* **MATERIAL SUPPLIED**
⁂

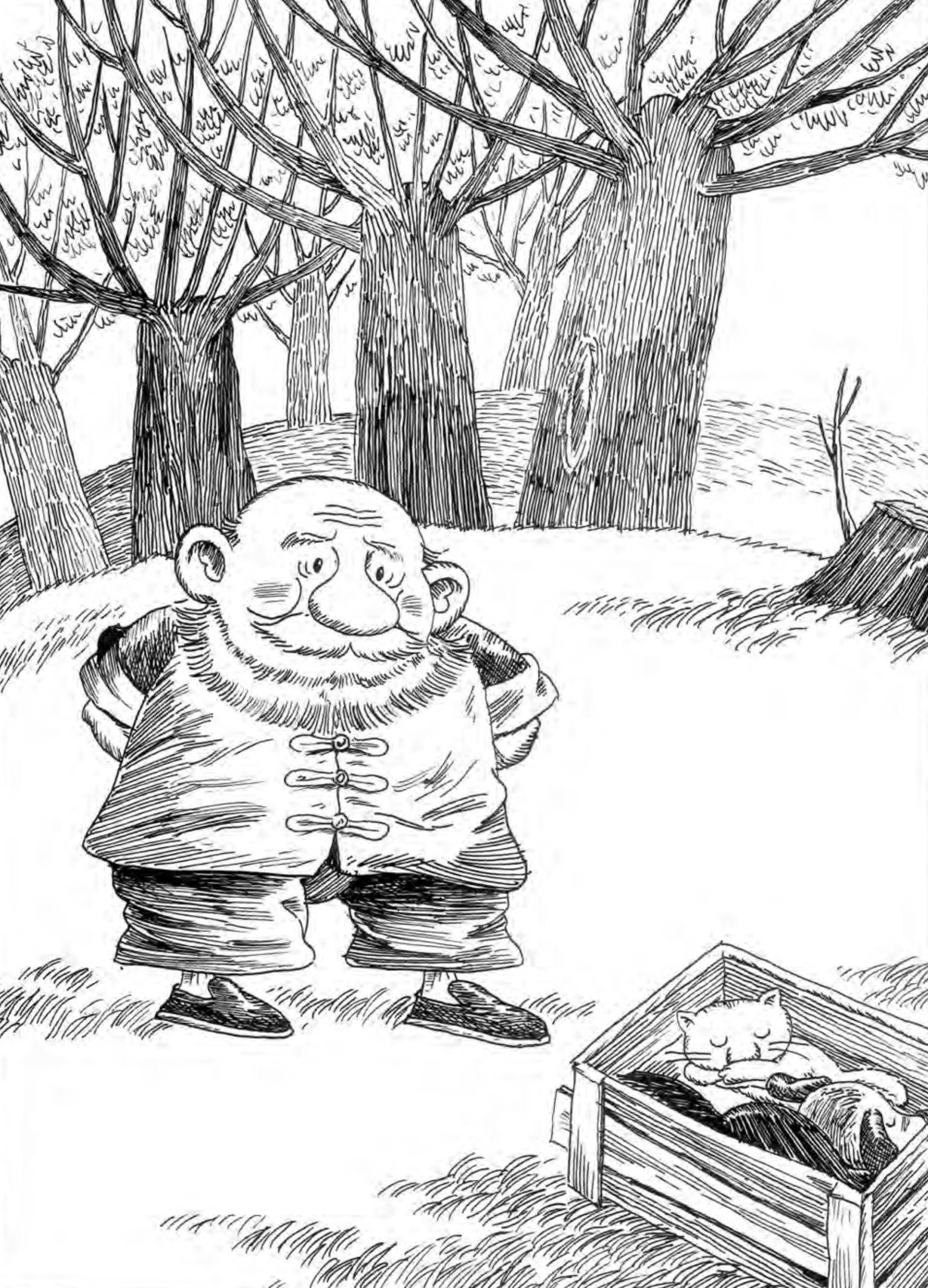 早晨,倔老头一觉醒来,他眯缝着的眼睛瞪着天花板连转三圈,才又想起自己是睡在和捣蛋顽皮一起造的新房子里。倔老头的胡子跳了一下,又跳了一下,便赶紧下床走到隔壁,去看捣蛋和顽皮。他推门过去朝两张小床上一看,咦,小床上怎么空空的?倔老头心里一急,以为捣蛋和顽皮趁他夜里睡着逃走了,便一拍脑袋,失望地双手抱腿蹲了下来,很大很大的人像很小很小的人一样,低着头难过极了……忽然,有“呼噜呼噜……”的声音响起来,倔老头奇怪地抬起头来四下里看,一下就看见了躺在地上的捣蛋和顽皮。倔老头赶紧走过去,像上回一样伸出粗大的手,先轻轻托起捣蛋,把它放到小床上,然后再轻轻托起顽皮,把它放到另一张小床上。干完这些,倔老头就悄悄退出屋子,走到房子外面。
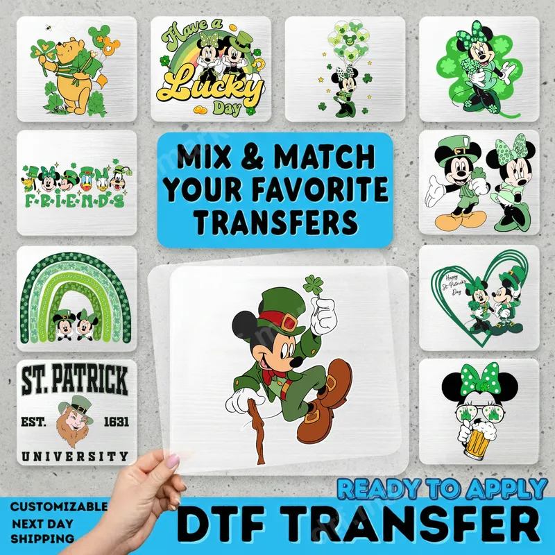 See allThis vibrant DTF transfer features everyone's favorite mouse, Mickey, dressed as a festive leprechaun, ready to celebrate St. Patrick's Day. Adorned in a classic green suit, top hat, and holding a lucky four-leaf clover, Mickey strikes a joyful, dancing pose. This delightful direct to film transfer captures the playful spirit of the holiday, making it a perfect ready to press addition to your celebratory wardrobe or craft projects. Ideal for Disney fans, St. Patrick's Day enthusiasts, and anyone looking to add a touch of Irish charm to their attire, this design is perfect for parades, parties, school events, or casual wear. Create unique gifts for friends and family, or make matching outfits for a festive family gathering. It's also a fantastic way for small businesses to offer exclusive holiday-themed apparel. Applying this high-quality heat transfer is simple, requiring no weeding or intricate setup. It adheres beautifully to a wide range of fabrics including cotton, polyester, and cotton-poly blends. For best results, use a heat press at 300-325°F for 15 seconds with medium pressure, then perform a cool peel. A household iron can also be used, ensuring even pressure across the design. Our premium heat press design is crafted using professional-grade DTF film and boasts exceptional durability. Expect vivid colors that pop, superior stretch and flexibility, and a soft, lightweight feel that won't crack or fade after washing. This iron on decal ensures your custom creations will look professional and last for many celebrations to come.
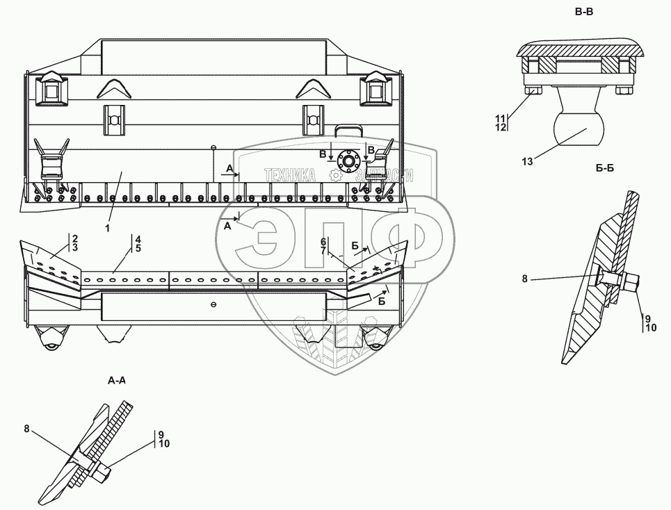 Каталог запасных частей к технике: Промтрактор Т-25.01К1. Отвал полусферический
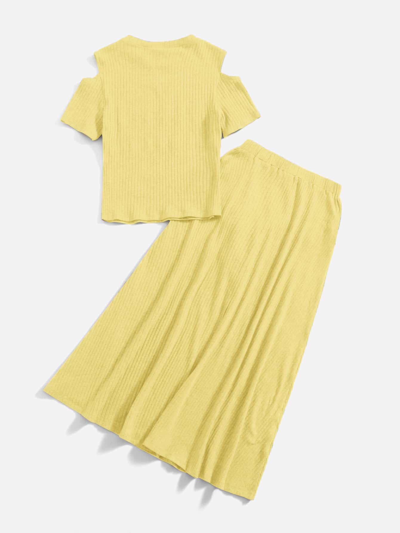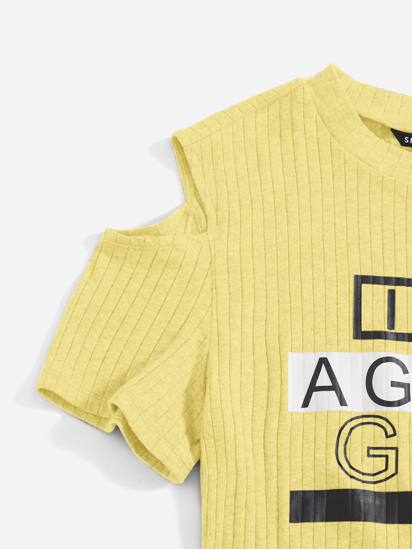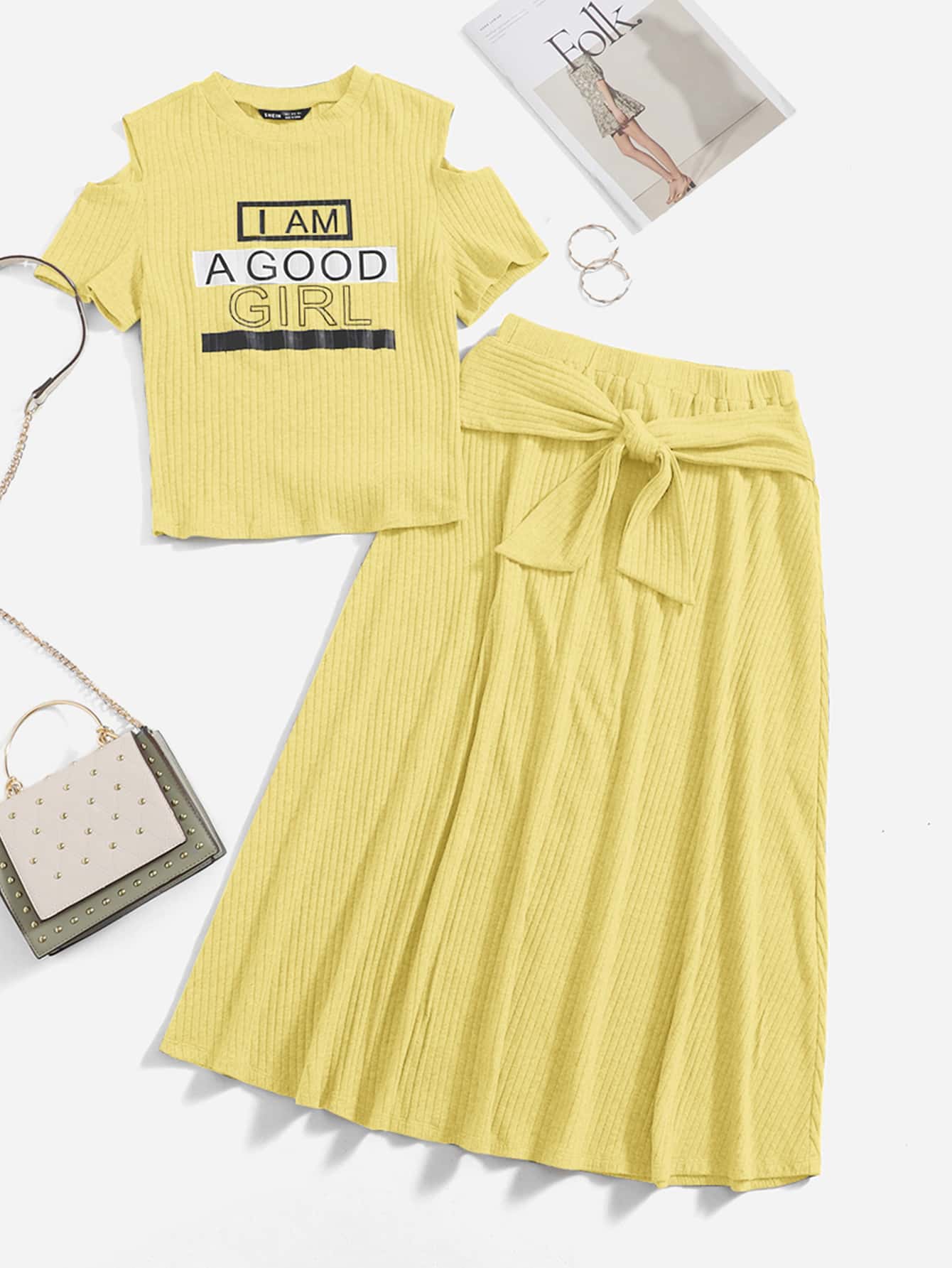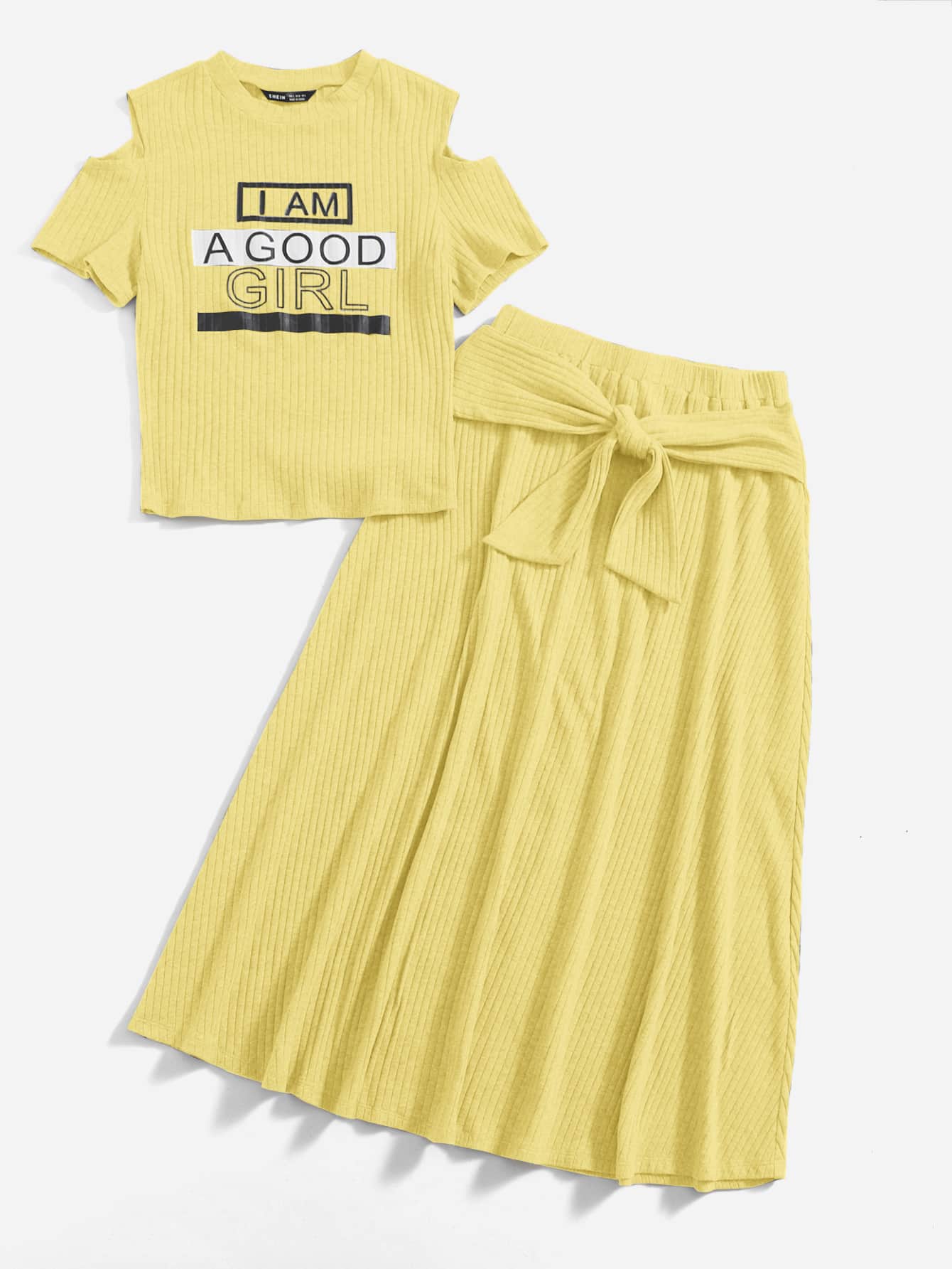 Cold Shoulder Letter Graphic Tee & Tie Front Skirt Set
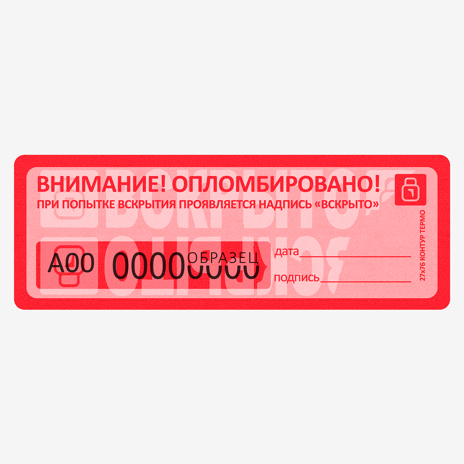 Самоклеящаяся номерная пломбировочная наклейка на специальной подложке.  Изготовлена из полиэстера с высокоадгезивным клеевым слоем.  При попытке отклеивания от пломбируемой поверхности на самой поверхности и на наклейке проявляются надписи "ВСКРЫТО" и значок производителя, не исчезающие при повторном наклеивании.  Воздействие на наклейку высокой температурой приводит к необратимому потемнению изделия, что служит дополнительной защитой.  Каждая наклейка имеет нестираемый индивидуальный номер.  При отклеивании наклейки, номер остаётся на поверхности.  Наклейка содержит поля "дата" и "подпись". Идеально подходит для пломбирования любых чистых поверхностей.
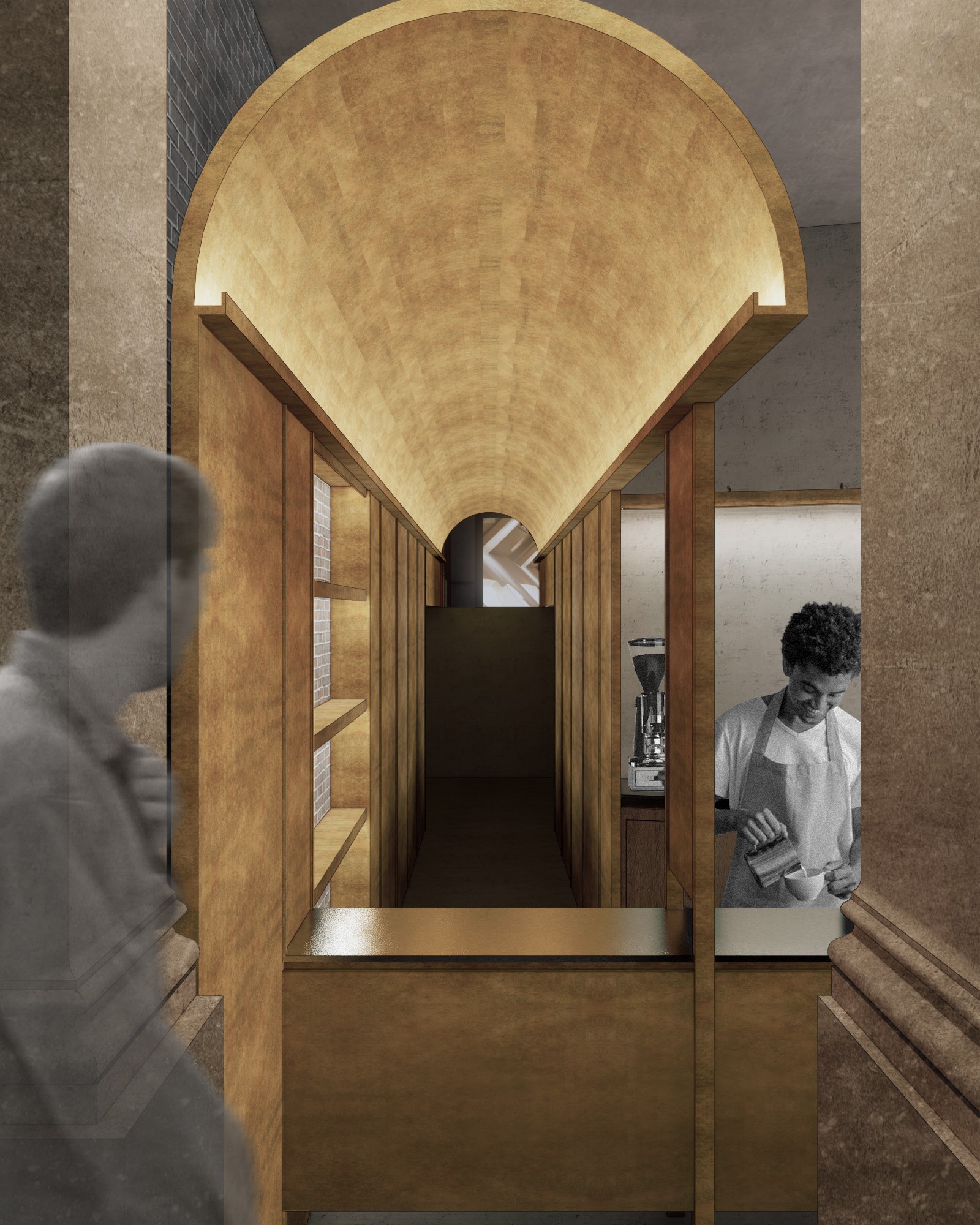 Taking advantage of the existing building, the enclosed central area is used as a sunken square, attracting visitors from the street to the square, then dispersed into other functional Spaces of the project. Wings is an open to private transition from low to high level. Horizontal lighting and ground decoration, vertical structure will be the design language of the whole space. openings and spatial forms are designed to guide people into the next space. Retaining the ceramic on the original building wall forms a new dialogue with the new timber wall and concrete.
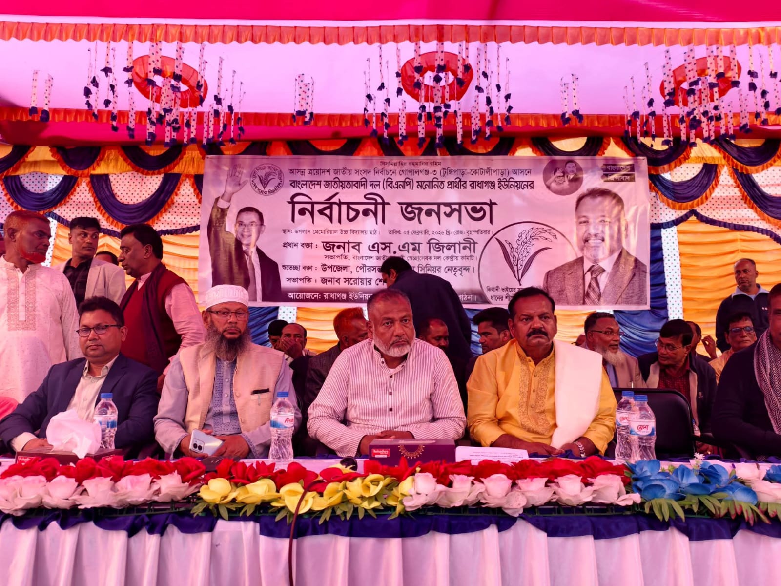 গোপালগঞ্জ সংসদীয় আসন -০৩ (টুঙ্গিপাড়া - কোটালীপাড়া) বিএনপি মনোনীত প্রার্থী জনাব এস এম জিলানী আজ বৃহস্পতিবার ( ৫ ফেব্রুয়ারী) কোটালীপাড়া উপজেলার রাধাগঞ্জ ইউনিয়ন বিএনপির উদ্দোগে ডগলাস মেমোরিয়াল উচ্চ বিদ্যালয় মাঠ প্রাঙ্গণে নির্বাচনী জনসভায় বলেন, আমার উপরে অনেক নির্যাতন করা হয়েছে, মামলা -হামলা দিয়ে কারারুদ্ধ করে রাখা হয়েছে, বিগত নির্বাচনে প্রচার করতে দেওয়া
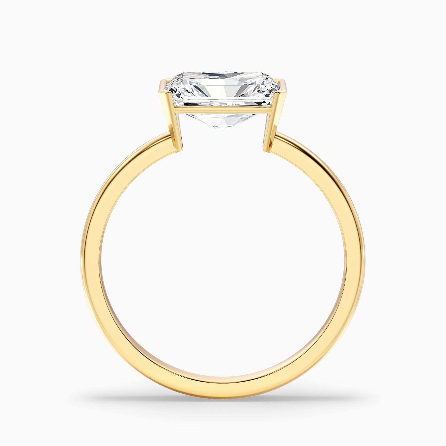 The celia radiant cut east west half bezel moissanite diamond ring is a modern engagement ring with a 1 carat diamond set in a horizontal East-West style, giving it a unique and eye-catching look that stands out from traditional rings. Made in platinum, the band is smooth, durable, and comfortable, making it perfect for daily wear. The solitaire diamond shines brilliantly in its horizontal setting, reflecting light beautifully from every angle, making it ideal for proposals, weddings, or anniversaries.
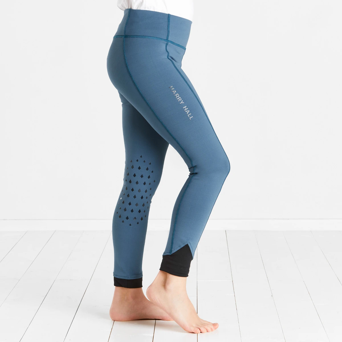 The Harry Hall Junior Bala Silicone Knee Tights are the perfect addition to any young riders wardrobe. The easy pull-on style with a wide waistband makes these a great choice for days at the yard, providing maximum comfort all day long. The fabric has great stretch qualities whilst the silicone knee print gives extra support when needed in the saddle. Designed in a beautiful blue colour to add a pop of colour with added soft ankle panels for comfort under riding boots.
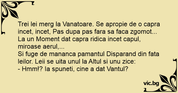 Trei lei merg la Vanatoare. Se apropie de o capra incet, incet, Pas dupa pas fara sa faca zgomot... La un Moment dat capra ridica incet capul, miroase aerul,...
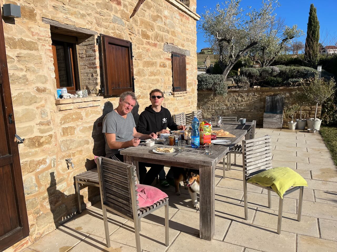 An Olafs Geburtstag haben wir gleich mit Sekt und Kuchen angefangen, sind bei Nebel und Saukälte durch Apiro gelaufen, haben uns in einem Café in Apiro in die 70er Jahre zurückversetzen lassen und bei Neonlicht und in Plastikstühlen einen (natürlich super leckeren) Cappuccino getrunken.. waren Abends dann hier in Cupramontana im Ristorante Gina – ebenfalls Neonlicht und Plastikstühle – aber es gab sehr leckere Pizza und gutes Ragù (in Deutschland Bolognese) – dazu irgendwie nach Schlamm schmeckenden Rotwein. Gut, nächstes Mal dann wohl lieber Bier bestellen 😂

⁂

* **WHAT YOU NEED TO DO**
Starting at the top of the listing above, please restate word for word each line up to and including the one that holds "Каталог запасных частей", omitting every image.

* **RESPONSE AREA**
 早晨,倔老头一觉醒来,他眯缝着的眼睛瞪着天花板连转三圈,才又想起自己是睡在和捣蛋顽皮一起造的新房子里。倔老头的胡子跳了一下,又跳了一下,便赶紧下床走到隔壁,去看捣蛋和顽皮。他推门过去朝两张小床上一看,咦,小床上怎么空空的?倔老头心里一急,以为捣蛋和顽皮趁他夜里睡着逃走了,便一拍脑袋,失望地双手抱腿蹲了下来,很大很大的人像很小很小的人一样,低着头难过极了……忽然,有“呼噜呼噜……”的声音响起来,倔老头奇怪地抬起头来四下里看,一下就看见了躺在地上的捣蛋和顽皮。倔老头赶紧走过去,像上回一样伸出粗大的手,先轻轻托起捣蛋,把它放到小床上,然后再轻轻托起顽皮,把它放到另一张小床上。干完这些,倔老头就悄悄退出屋子,走到房子外面。
 See allThis vibrant DTF transfer features everyone's favorite mouse, Mickey, dressed as a festive leprechaun, ready to celebrate St. Patrick's Day. Adorned in a classic green suit, top hat, and holding a lucky four-leaf clover, Mickey strikes a joyful, dancing pose. This delightful direct to film transfer captures the playful spirit of the holiday, making it a perfect ready to press addition to your celebratory wardrobe or craft projects. Ideal for Disney fans, St. Patrick's Day enthusiasts, and anyone looking to add a touch of Irish charm to their attire, this design is perfect for parades, parties, school events, or casual wear. Create unique gifts for friends and family, or make matching outfits for a festive family gathering. It's also a fantastic way for small businesses to offer exclusive holiday-themed apparel. Applying this high-quality heat transfer is simple, requiring no weeding or intricate setup. It adheres beautifully to a wide range of fabrics including cotton, polyester, and cotton-poly blends. For best results, use a heat press at 300-325°F for 15 seconds with medium pressure, then perform a cool peel. A household iron can also be used, ensuring even pressure across the design. Our premium heat press design is crafted using professional-grade DTF film and boasts exceptional durability. Expect vivid colors that pop, superior stretch and flexibility, and a soft, lightweight feel that won't crack or fade after washing. This iron on decal ensures your custom creations will look professional and last for many celebrations to come.
 Каталог запасных частей к технике: Промтрактор Т-25.01К1. Отвал полусферический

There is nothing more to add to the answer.